[Activity]: What you return should match the data word for word, minus the images.

[Dataset section]:

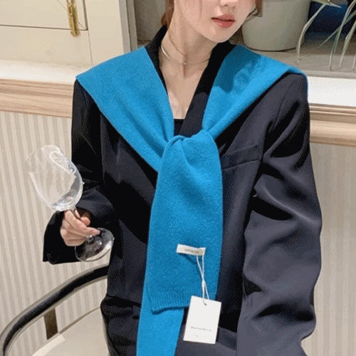 론데즈 어깨숄가디건 울캐시미어 레이어드 어부바 니트
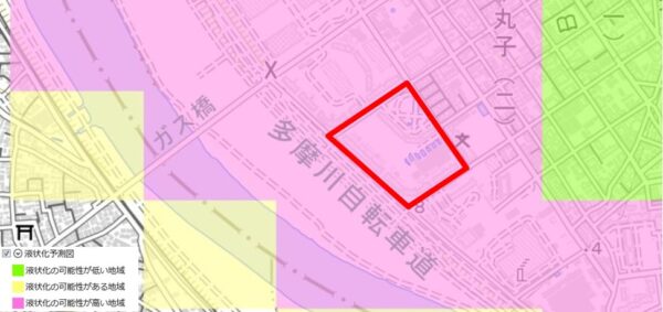 東京都建設局が公開している「東京の液状化予測図」では、「液状化の可能性が高い地域」に該当します。
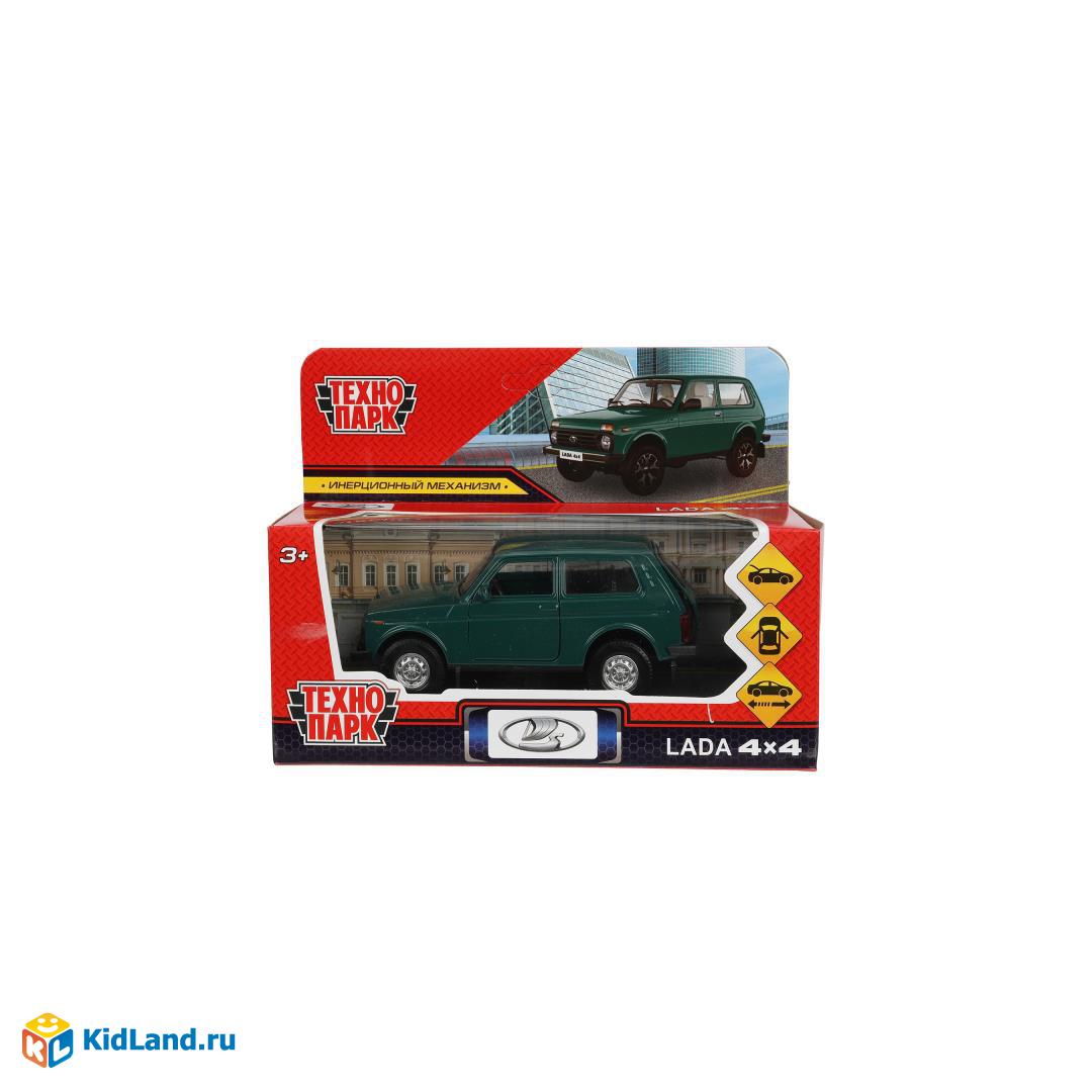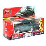 Машина металл LADA 4x4 длина 12 см, двери, багаж, инерц, зеленый, кор. Технопарк

[Written answer]:
 론데즈 어깨숄가디건 울캐시미어 레이어드 어부바 니트
 東京都建設局が公開している「東京の液状化予測図」では、「液状化の可能性が高い地域」に該当します。
 Машина металл LADA 4x4 длина 12 см, двери, багаж, инерц, зеленый, кор. Технопарк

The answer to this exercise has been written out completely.